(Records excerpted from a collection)

/---

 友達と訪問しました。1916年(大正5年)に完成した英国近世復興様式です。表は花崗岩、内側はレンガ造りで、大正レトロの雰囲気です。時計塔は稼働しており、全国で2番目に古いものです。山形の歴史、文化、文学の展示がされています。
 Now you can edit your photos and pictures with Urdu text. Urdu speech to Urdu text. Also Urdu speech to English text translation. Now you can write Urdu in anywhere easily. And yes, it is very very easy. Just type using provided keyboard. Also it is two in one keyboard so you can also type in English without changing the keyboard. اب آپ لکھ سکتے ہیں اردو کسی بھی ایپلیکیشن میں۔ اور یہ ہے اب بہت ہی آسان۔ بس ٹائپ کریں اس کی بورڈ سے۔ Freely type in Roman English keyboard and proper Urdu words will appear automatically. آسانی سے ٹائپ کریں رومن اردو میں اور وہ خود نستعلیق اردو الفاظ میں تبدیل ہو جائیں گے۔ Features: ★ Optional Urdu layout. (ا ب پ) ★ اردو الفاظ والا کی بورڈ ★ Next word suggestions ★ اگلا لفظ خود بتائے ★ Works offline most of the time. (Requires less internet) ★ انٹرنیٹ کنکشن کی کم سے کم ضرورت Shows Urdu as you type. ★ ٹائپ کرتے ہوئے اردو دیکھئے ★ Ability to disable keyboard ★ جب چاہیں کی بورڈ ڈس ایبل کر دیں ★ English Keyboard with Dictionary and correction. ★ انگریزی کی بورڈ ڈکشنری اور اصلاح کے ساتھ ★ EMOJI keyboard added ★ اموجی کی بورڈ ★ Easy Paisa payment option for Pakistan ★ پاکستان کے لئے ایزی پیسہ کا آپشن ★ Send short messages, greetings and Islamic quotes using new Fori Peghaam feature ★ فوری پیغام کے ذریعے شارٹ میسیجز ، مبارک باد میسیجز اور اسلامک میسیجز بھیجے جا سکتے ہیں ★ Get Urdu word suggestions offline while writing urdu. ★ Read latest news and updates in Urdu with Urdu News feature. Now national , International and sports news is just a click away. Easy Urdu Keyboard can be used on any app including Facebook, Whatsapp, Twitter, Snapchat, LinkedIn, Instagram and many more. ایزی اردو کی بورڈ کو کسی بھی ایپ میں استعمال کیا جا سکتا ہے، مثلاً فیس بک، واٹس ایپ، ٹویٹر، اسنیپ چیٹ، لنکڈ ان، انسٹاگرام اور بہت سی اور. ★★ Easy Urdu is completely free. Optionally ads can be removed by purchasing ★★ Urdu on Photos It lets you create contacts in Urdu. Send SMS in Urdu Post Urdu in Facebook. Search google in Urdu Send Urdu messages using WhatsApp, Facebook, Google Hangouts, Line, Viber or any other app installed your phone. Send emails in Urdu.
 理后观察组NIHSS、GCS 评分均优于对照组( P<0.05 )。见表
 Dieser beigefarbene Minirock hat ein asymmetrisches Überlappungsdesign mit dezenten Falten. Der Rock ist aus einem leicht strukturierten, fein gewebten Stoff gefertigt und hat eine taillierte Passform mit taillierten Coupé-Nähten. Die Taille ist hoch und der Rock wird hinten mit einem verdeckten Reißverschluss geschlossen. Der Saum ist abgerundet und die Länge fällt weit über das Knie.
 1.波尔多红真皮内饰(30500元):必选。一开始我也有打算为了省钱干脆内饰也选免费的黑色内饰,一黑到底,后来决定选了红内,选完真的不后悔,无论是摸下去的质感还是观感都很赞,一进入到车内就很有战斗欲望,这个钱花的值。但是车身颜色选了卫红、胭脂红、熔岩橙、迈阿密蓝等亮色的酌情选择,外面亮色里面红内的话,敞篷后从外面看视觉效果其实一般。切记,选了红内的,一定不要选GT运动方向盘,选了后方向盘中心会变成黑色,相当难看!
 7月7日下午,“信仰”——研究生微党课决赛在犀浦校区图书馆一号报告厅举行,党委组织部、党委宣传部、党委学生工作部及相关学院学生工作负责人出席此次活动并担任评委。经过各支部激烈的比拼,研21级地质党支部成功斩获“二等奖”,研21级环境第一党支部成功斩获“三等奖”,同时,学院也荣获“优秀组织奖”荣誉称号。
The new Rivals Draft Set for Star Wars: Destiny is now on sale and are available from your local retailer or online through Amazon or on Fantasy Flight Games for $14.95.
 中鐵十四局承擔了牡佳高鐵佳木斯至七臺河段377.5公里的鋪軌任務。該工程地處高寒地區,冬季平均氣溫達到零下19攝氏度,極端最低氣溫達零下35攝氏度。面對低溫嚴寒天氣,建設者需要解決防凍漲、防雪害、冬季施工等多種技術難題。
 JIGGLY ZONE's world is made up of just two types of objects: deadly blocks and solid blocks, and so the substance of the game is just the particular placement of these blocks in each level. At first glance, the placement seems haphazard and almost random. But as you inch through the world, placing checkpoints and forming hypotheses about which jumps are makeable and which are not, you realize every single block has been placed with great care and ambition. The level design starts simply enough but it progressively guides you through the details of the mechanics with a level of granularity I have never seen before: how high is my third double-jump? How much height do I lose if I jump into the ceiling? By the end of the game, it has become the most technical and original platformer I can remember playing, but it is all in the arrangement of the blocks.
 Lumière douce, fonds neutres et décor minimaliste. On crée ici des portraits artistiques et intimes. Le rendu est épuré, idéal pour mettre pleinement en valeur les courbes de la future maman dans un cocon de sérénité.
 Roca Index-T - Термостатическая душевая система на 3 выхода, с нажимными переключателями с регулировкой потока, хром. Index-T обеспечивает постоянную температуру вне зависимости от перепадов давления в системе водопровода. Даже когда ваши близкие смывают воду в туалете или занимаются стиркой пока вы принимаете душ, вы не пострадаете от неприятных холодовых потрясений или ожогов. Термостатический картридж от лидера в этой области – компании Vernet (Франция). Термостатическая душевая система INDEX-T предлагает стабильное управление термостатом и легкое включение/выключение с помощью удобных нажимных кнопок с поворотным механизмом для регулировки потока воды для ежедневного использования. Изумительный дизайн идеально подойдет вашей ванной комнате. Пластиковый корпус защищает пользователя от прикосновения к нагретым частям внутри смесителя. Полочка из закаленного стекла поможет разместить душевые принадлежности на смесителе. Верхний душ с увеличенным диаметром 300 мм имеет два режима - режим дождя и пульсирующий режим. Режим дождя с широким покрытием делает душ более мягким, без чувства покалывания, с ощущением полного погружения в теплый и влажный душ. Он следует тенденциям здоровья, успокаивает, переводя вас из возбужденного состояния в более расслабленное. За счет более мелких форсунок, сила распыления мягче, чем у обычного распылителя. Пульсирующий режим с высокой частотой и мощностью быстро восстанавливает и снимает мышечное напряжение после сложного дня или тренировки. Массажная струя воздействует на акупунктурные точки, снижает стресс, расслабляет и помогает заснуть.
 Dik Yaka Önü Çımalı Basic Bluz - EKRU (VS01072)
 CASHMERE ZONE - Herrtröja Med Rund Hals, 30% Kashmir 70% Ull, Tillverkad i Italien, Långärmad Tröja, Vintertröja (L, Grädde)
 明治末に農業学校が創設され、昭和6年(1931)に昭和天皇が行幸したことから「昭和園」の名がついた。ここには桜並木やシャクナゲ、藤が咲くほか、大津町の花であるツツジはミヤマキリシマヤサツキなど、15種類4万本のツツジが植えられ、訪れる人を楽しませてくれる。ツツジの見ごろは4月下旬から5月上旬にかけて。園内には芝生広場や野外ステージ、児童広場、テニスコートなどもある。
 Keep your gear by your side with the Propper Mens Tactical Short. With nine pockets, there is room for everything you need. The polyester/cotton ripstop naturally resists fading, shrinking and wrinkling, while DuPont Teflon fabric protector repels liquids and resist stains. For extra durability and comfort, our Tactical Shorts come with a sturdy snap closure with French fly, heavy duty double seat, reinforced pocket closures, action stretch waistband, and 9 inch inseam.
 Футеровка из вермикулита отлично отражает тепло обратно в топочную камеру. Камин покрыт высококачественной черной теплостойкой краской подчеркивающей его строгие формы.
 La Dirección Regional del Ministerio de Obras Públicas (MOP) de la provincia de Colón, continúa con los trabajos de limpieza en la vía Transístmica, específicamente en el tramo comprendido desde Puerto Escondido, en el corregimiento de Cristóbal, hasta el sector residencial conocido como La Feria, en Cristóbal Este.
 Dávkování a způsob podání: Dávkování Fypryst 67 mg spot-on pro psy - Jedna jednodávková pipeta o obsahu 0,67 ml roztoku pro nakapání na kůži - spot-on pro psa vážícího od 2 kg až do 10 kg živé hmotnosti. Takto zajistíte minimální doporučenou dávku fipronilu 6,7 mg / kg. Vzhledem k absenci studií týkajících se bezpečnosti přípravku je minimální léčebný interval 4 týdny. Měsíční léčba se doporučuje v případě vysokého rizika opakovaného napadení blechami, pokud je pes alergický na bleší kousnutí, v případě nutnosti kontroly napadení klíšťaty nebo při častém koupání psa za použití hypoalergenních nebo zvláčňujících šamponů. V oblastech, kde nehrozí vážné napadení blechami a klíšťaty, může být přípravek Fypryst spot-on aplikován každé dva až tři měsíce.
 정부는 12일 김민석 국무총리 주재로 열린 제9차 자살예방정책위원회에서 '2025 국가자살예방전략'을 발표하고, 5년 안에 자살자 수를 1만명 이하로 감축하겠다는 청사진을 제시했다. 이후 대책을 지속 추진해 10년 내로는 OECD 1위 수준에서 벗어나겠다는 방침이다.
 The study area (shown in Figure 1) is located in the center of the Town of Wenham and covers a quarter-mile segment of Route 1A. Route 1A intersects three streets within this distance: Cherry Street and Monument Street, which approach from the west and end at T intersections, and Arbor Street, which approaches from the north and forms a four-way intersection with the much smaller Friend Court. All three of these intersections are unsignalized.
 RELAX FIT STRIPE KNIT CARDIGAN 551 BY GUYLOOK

\---

__Problem to work on__.
Among the records above, find each line holding "ZONE" and list it.

__Answer to this exercise__.
 JIGGLY ZONE's world is made up of just two types of objects: deadly blocks and solid blocks, and so the substance of the game is just the particular placement of these blocks in each level. At first glance, the placement seems haphazard and almost random. But as you inch through the world, placing checkpoints and forming hypotheses about which jumps are makeable and which are not, you realize every single block has been placed with great care and ambition. The level design starts simply enough but it progressively guides you through the details of the mechanics with a level of granularity I have never seen before: how high is my third double-jump? How much height do I lose if I jump into the ceiling? By the end of the game, it has become the most technical and original platformer I can remember playing, but it is all in the arrangement of the blocks.
 CASHMERE ZONE - Herrtröja Med Rund Hals, 30% Kashmir 70% Ull, Tillverkad i Italien, Långärmad Tröja, Vintertröja (L, Grädde)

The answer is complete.